Шрифт:
Закладка:
— Что такое снова? — повернулась Мита. — Немедленно отпусти мышь! Ты что? Ты же наелся. Полную чашку овсянки умяли.
Удав нехотя поставил мышь на дно аквариума и начал утирать слезы.
— Что ты плачешь? Ты сытый, чистый. Ложись спать.
Удав покрутил головой.
— Почему не хочешь? Смотри, все хотят.
Действительно, мыши устраивались на ночлег, выставив, впрочем двух часовых. Старшая мышь качала на руках малыша, опасливо поглядывая на удава. Тот ткнул в нее хвостом и протяжно всхлипнул.
— Ты что, хочешь, чтобы она тебя укачивала? Ты поэтому ее схватил?

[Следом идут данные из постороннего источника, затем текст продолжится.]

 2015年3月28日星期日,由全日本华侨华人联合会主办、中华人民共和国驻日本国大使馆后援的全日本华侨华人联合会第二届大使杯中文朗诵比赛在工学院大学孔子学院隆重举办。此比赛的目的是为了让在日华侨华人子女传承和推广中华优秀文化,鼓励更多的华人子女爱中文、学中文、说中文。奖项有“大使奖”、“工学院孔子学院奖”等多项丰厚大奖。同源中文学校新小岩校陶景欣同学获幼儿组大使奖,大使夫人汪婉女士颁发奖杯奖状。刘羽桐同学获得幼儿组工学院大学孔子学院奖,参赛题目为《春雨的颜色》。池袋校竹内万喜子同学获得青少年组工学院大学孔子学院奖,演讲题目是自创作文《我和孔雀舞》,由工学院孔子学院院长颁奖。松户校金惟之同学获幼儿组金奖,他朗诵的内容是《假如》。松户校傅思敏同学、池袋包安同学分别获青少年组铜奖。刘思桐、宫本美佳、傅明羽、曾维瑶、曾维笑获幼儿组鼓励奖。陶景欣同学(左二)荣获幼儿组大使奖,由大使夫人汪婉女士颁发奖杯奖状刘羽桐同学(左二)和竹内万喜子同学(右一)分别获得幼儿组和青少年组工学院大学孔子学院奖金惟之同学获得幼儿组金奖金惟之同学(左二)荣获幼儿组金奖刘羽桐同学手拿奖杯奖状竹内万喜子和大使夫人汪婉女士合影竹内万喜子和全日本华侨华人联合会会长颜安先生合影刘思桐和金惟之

Вася горько вздохнул и снова утер слезы.
— Она слишком маленькая. Или ты уже слишком большой. Не взрослый, но тяжелый. Понимаешь?

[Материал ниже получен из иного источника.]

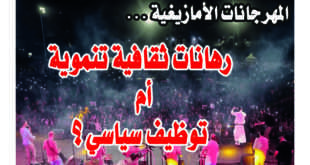صدر العدد الجديد 296 من جريدة “العالم الأمازيغي”، وتناول هذا العدد في ملفه الشهري موضوع “المهرجانات الأمازيغية بين الرهانات الثقافية والتنموية والتوظيف السياسي” نظرا لأهمية الموضوع خاصة على مستوى اثر هذه المهرجانات على الجانب الهوياتي والثقافي والتنموي، خاصة وان عدة حواضر ومدن ومناطق نائية بالمغرب تحتضن العديد من المهرجانات الفنية …
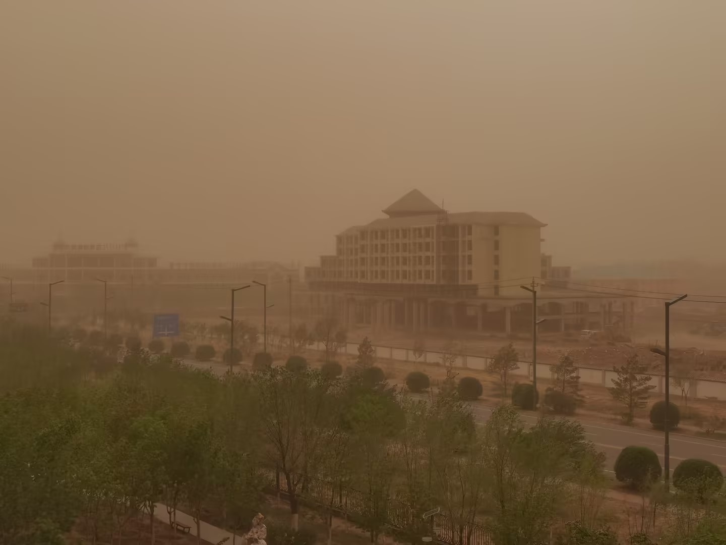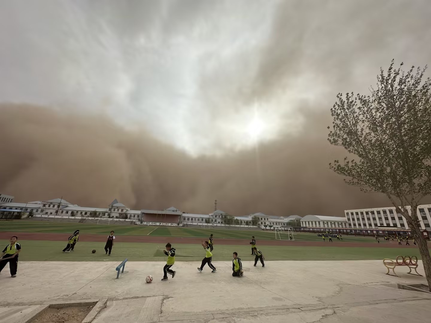 內(nèi)蒙古二連浩特出現(xiàn)強(qiáng)沙塵暴 沙墻滾滾而來
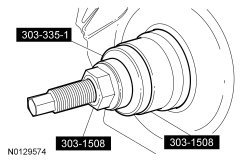 7. Using the Crankshaft Damper and Crankshaft Front Seal Installer and the Front Cover Oil Seal Installer, install a new crankshaft front seal into the engine front cover.
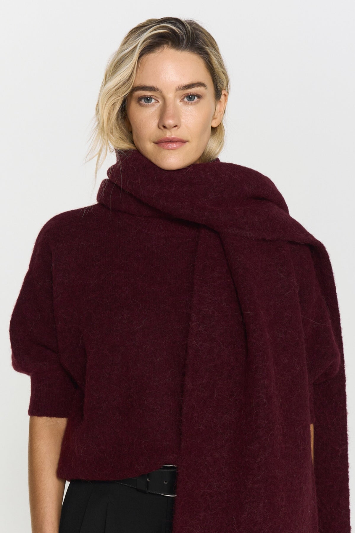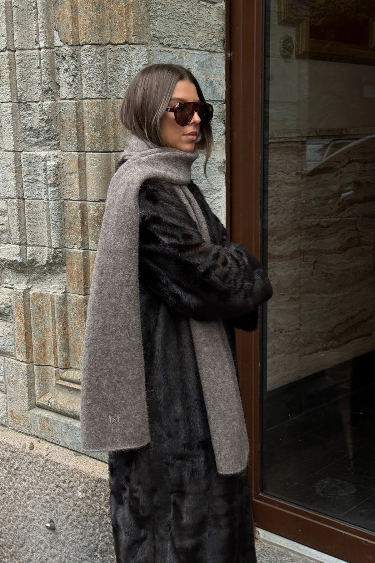 Our cozy knitted Everlee shawl features a embroidered logotype. Perfect for staying warm and stylish during colder months, this shawl is a must-have accessory
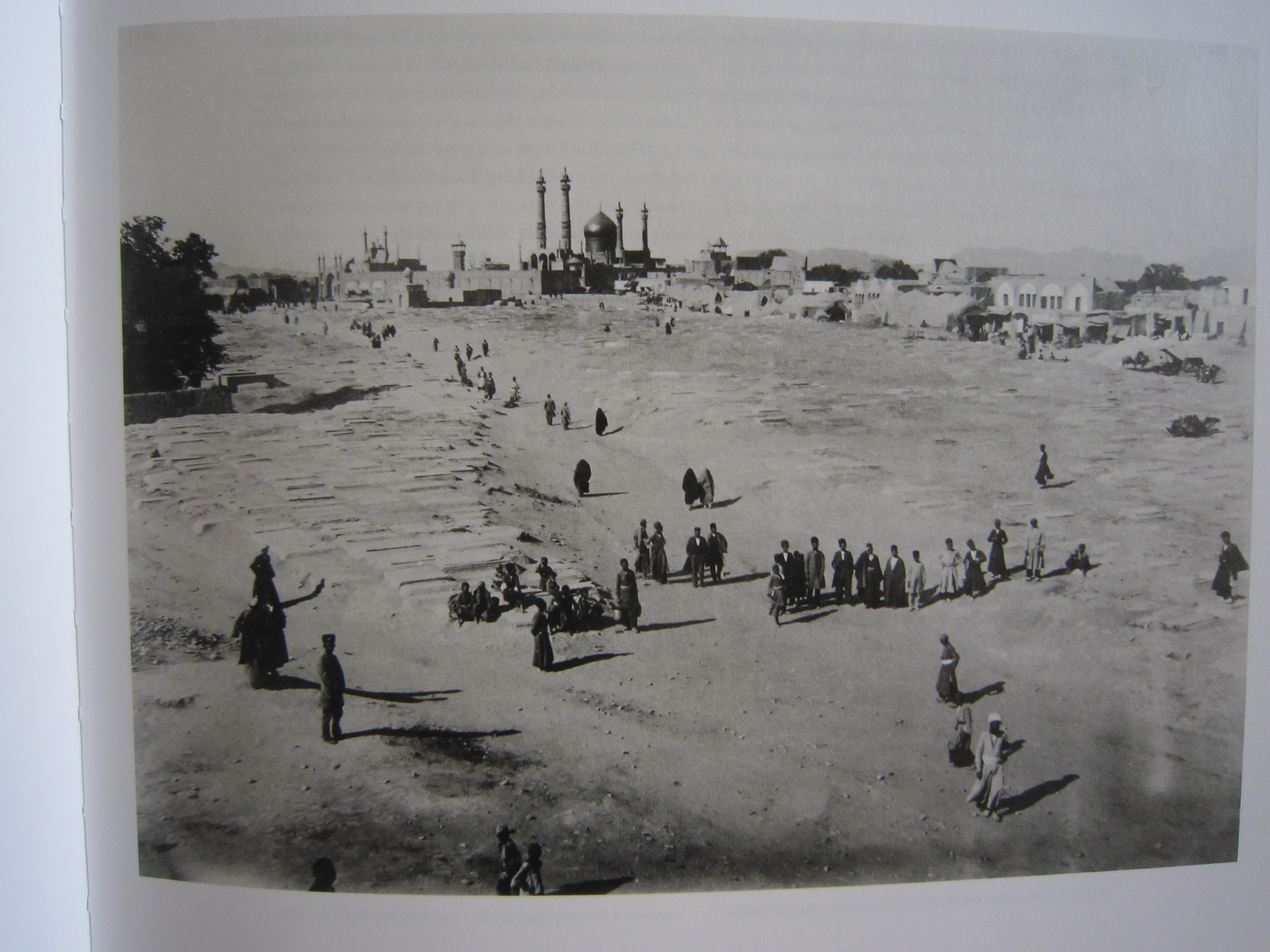 Apart from the more intimate pictures of young students in dialogue or in discussions in small groups, much of Berger’s part is also a mere collection of a tourist’s choice for a scrapbook. Some of the pictures by the court photographers of the two Qajar shahs are, on the other hand, breathtaking in particular when they depict bird’s eye views of now much transformed cities such as Qom, Samarra or Najaf. They were actually taken from hot-air balloons.

Удав задумался и ткнул хвостом в Миту.
— Я? Качать удава? — удивилась зайка, — Впрочем, если так принято… Ладно. Иди сюда.
Она взяла Васю на руки и стала бродить по комнате, слегка потряхивая его и шепча таблицу умножения.
— Ты извини, — пояснила она, — колыбельных я не знаю, а это ближе всего тебе по возрасту.
Вася начал зевать. Мита и сама уже клевала носом. И тут снаружи раздался то ли стон, то ли вой. Кто-то большой завозился на полу, поднимаясь, а потом затопал к выходу. Мита бросилась к шкафу с пузырьками. Она набрала хлороформ в новый шприц и встала около двери. В коридоре снова послышались шаги. На этот раз зверей было несколько. Мита устроила Васю в аквариуме и подкралась к замочной скважине. Как раз вовремя! Те, другие уже наложили свои огромные лапы на ручку двери и она стала поворачиваться. Зайка со всей силы вогнала иглу в замочную скважину, и тут… игла уперлась во что-то твердое, лязгнула и отломалась. Хлороформ потек Мите на лапы. Сознание ее помутилось. Глаза закрылись.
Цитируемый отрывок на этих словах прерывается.